Exercise objective:
Word for word, restate the lines from the top of the records below through the line with "Autism Society West", both included, with no pictures in the result.

Dataset entries:

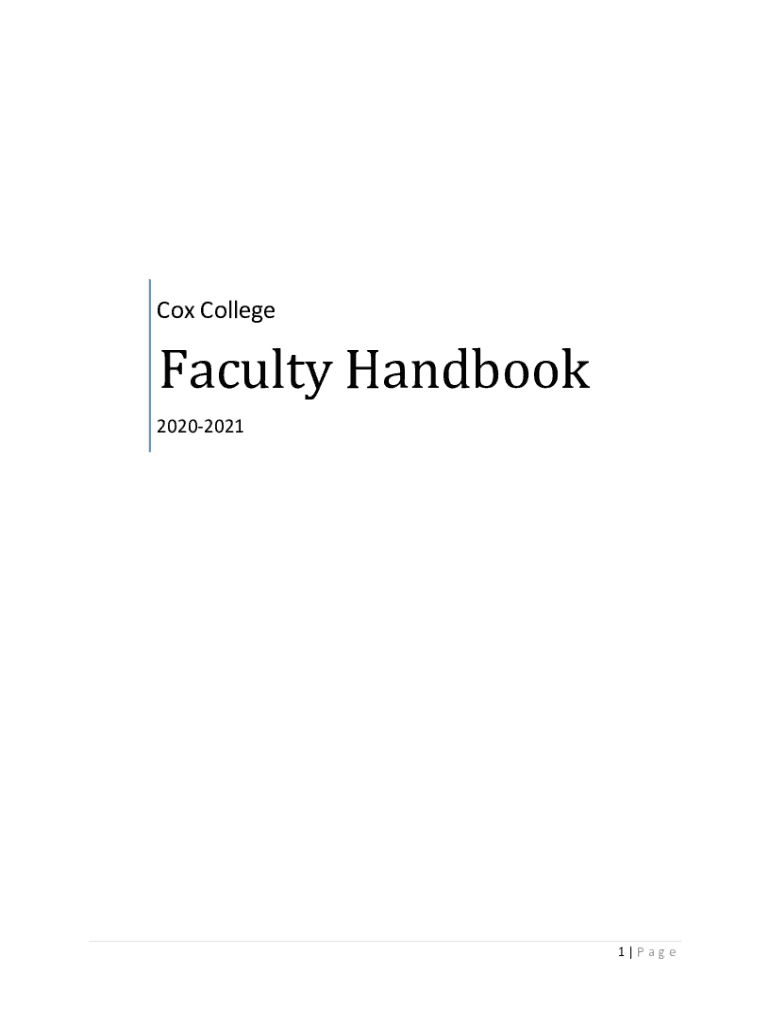 Cox CollegeFaculty Handbook 202020211|Vegetable OF CONTENTS INTRODUCTION ......................................................................................................................................
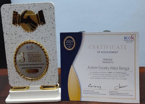 Autism Society West Bengal was the winner for outstanding contribution in NGO under Small Category at the 3rd Edition of Social Leadership Conclave & Awards, 2024 organized by National CSR Committee of Bengal Chamber of Commerce & Industries
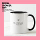 Dieser personalisierte Schlamm für eine Braut ist das perfekte Geschenk, um ihre bevorstehende Hochzeit zu feiern. Die Tasse zeichnet sich durch ein schlichtes und modernes Herzdesign der Liebe aus, zusammen mit der Braut, um den zukünftigen Namen und das Hochzeitstag zu sein. Mit seinem hochwertigen Material für die Keramik ist diese Tasse sowohl haltbar als auch elegant, was sie zu einer großen Ergänzung der Brautkollektion für Trauungsdenkmäler macht. Beginnen Sie Ihren Tag mit einer warmen Tasse Kaffee oder Tee in diesem schönen und personalisierten Schlamm.
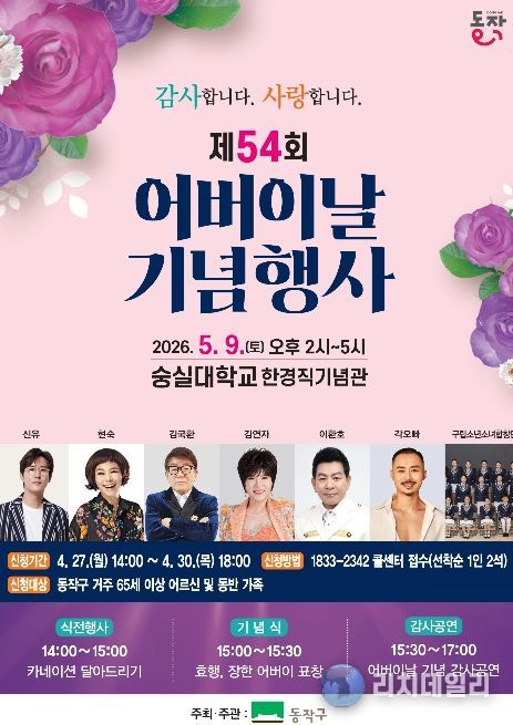 리치데일리 김상현 기자 | 동작구가 오는 5월 9일 오후 2시 숭실대학교 한경직기념관에서 ‘제54회 어버이날 기념행사’를 개최한다고 밝혔다.
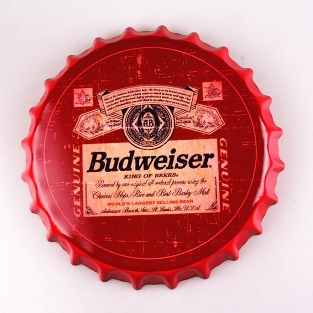 ボトルキャップ型 メタルサイン ブリキ 看板 バドワイザー Budweiser ビール Beer レトロ インテリア ディスプレイ Bar Club Pub 輸入雑貨 おしゃれ アート
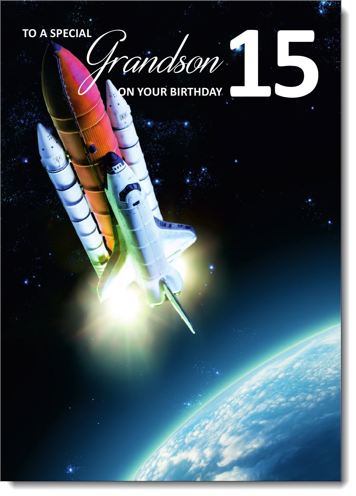 Grandson 15th Birthday Card Age 15 Rocket Ship in Space
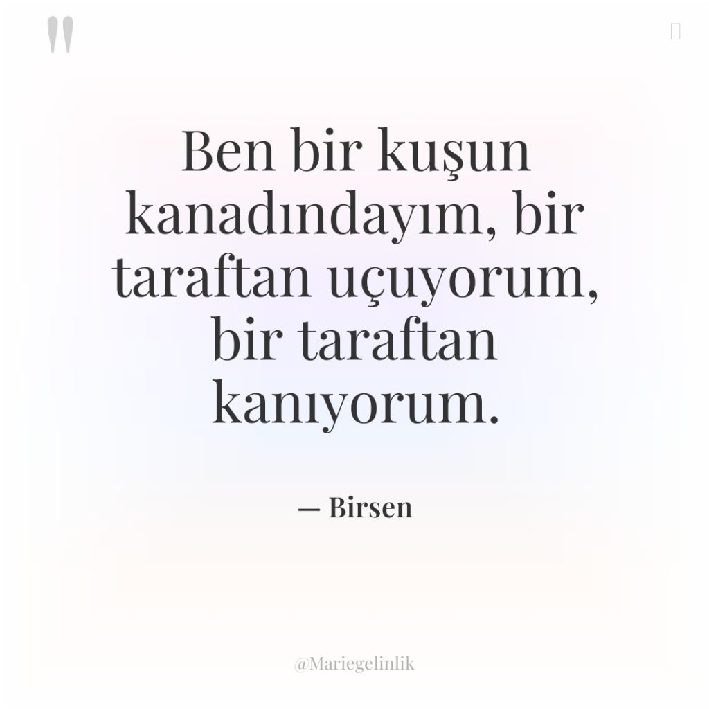 Ben bir kuşun kanadındayım, bir taraftan uçuyorum, bir taraftan kanıyorum.
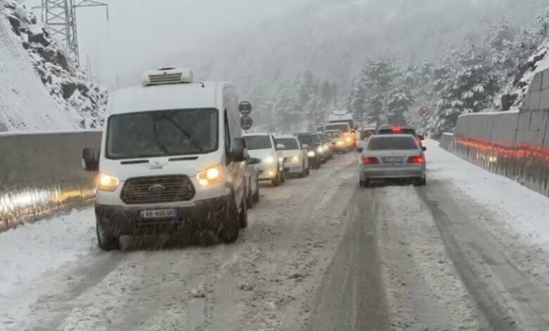 Situata ka qenë problematike si në krahun e Tiranës, ashtu edhe në krahun e Klosit, ku rruga ka qenë e bllokuar për më shumë se një orë.
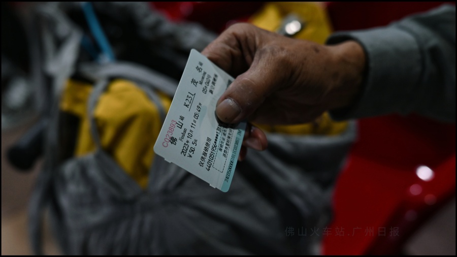 从进站大厅到候车大厅,装有折叠单车、重达50斤的行李让老谢累得气喘吁吁。他刚坐下,还来不及擦汗,便激动地从一个小包里掏出一张纸质的车票。“这张车票可珍贵了,我要一辈子保留下来”,老谢说,当他得知“佛山火车站暂停客运营业”后,特意到车站购买了一张前往茂名的车票,既是为了纪念,也是想来一次特别的体验。
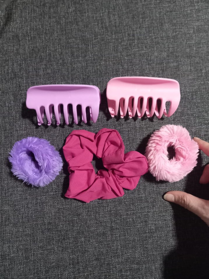 Pastel pembe ve mor mandal, peluş ve kumaş bez elastik saç tokaları yeni beşli set birlikte, yumuşak, rahat ve şık görünüm sağlar. Farklı renk ve çeşitleri için sayfama bakabilirsiniz.
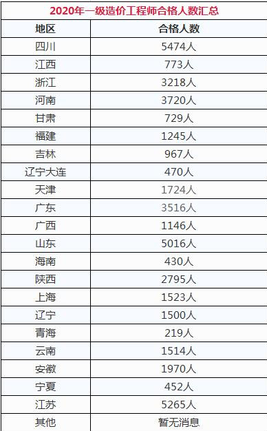 2020年各省一级造价工程师的合格名单尚未完全公布,暂时以四川省为例分析一下今年的通过率。
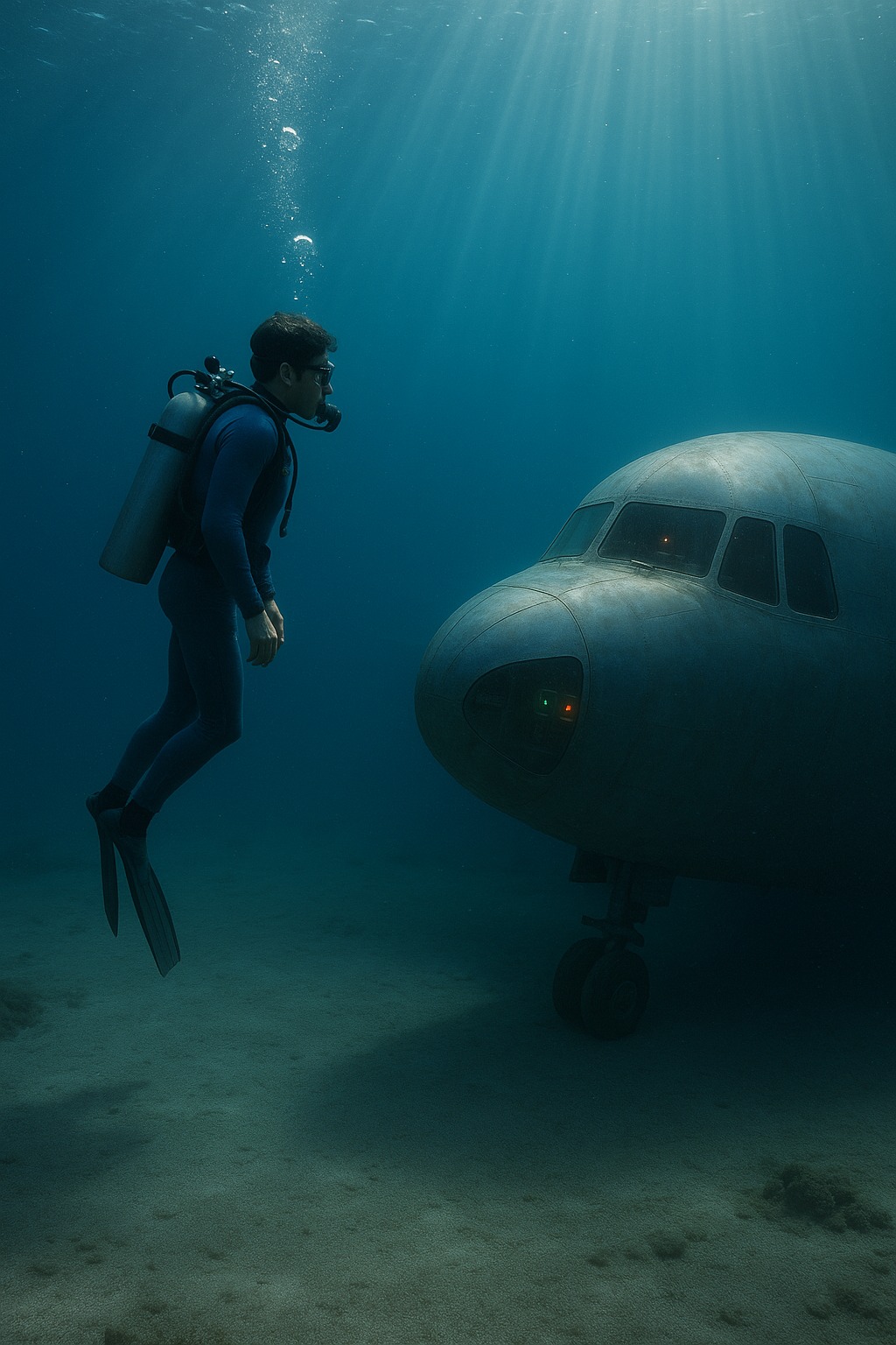 Dykket begynte rolig. Vannet var klart, solen brøt gjennom overflaten og brøt seg opp i sølvaktige striper. Lucas lette etter stedet for et gammelt skipsvrak som noen fiskere hadde fortalt ham om.
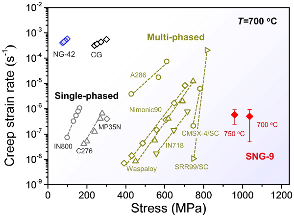 金屬材料在高溫下長期承受低于屈服強度的應(yīng)力作用時會發(fā)生永久形變,通常稱為蠕變。蠕變會導(dǎo)致高溫金屬構(gòu)件的變形失效,是高溫合金的一項重要性能指標(biāo)。通過合金化和減少晶界(制備單晶)可提升高溫合金抗蠕變性能,但這帶來合金制備工藝復(fù)雜、成本居高不下等一系列問題。進(jìn)一步提升高溫合金的抗蠕變性能面臨巨大挑戰(zhàn)。
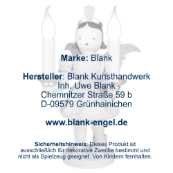 BLANK Kunsthandwerk is a traditional family business from Grünhainichen in the German Erzgebirge, which has been producing filigree angels with pleated skirts and high-quality Christmas decorations since 1955. In addition to pyramids, candle arches, nutcrackers and smoke figures, flower children and Easter bunnies are also elaborately handcrafted. For this purpose, the manufacturer's products have been approved by the Association of Erzgebirgischer Kunsthandwerker und Spielzeughersteller e. V. and awarded with the certificate "Echt Erzgebirge. Holzkunst mit Herz®".
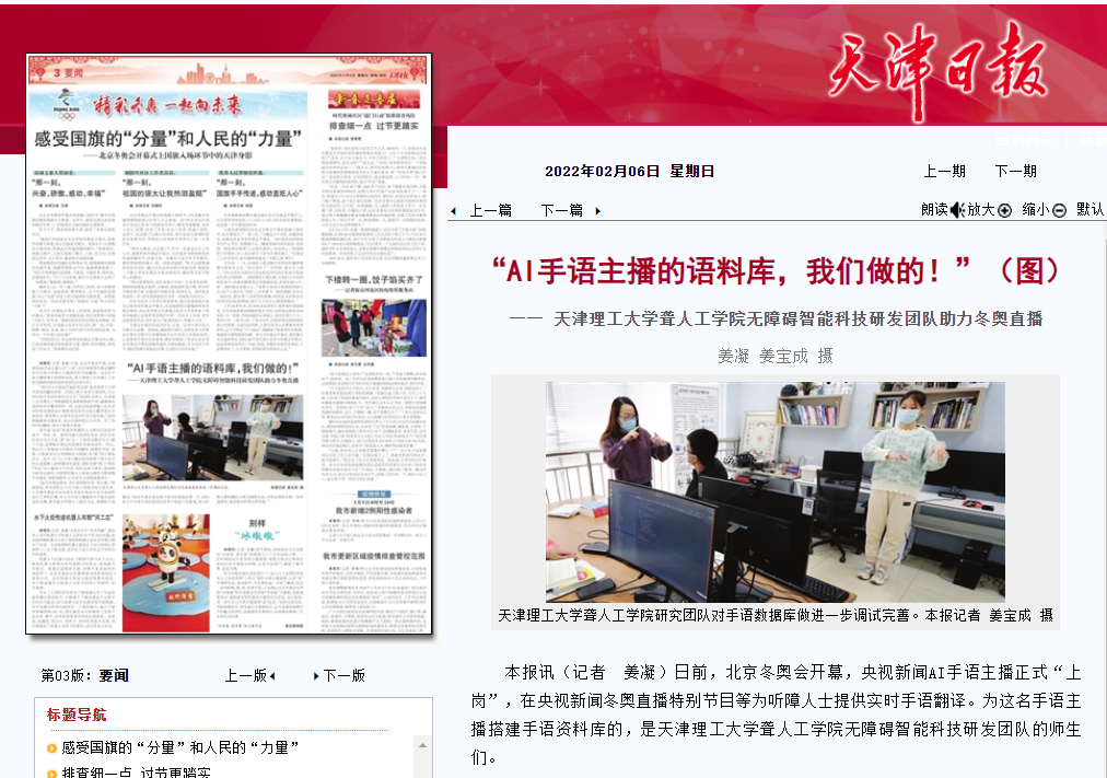 “能为冬奥会服务,我们感到很光荣、很自豪。”袁甜甜说,研发团队已对百万级日常使用的对译文本、十万级冬奥会专有对译文本及冬奥会专有手语动作进行了多轮打磨,努力为手语主播提供尽可能丰富的语料支撑,使其能为听障人士提供专业、准确的手语解说,“此次冬奥会是实现手语识别落地的第一步,我们致力于实现手语识别项目在多个场景下的落地,助力听障人群和健听人群无障碍交流,并将这项技术推广到环境感知、微表情分析等众多领域。

Response area:
 Cox CollegeFaculty Handbook 202020211|Vegetable OF CONTENTS INTRODUCTION ......................................................................................................................................
 Autism Society West Bengal was the winner for outstanding contribution in NGO under Small Category at the 3rd Edition of Social Leadership Conclave & Awards, 2024 organized by National CSR Committee of Bengal Chamber of Commerce & Industries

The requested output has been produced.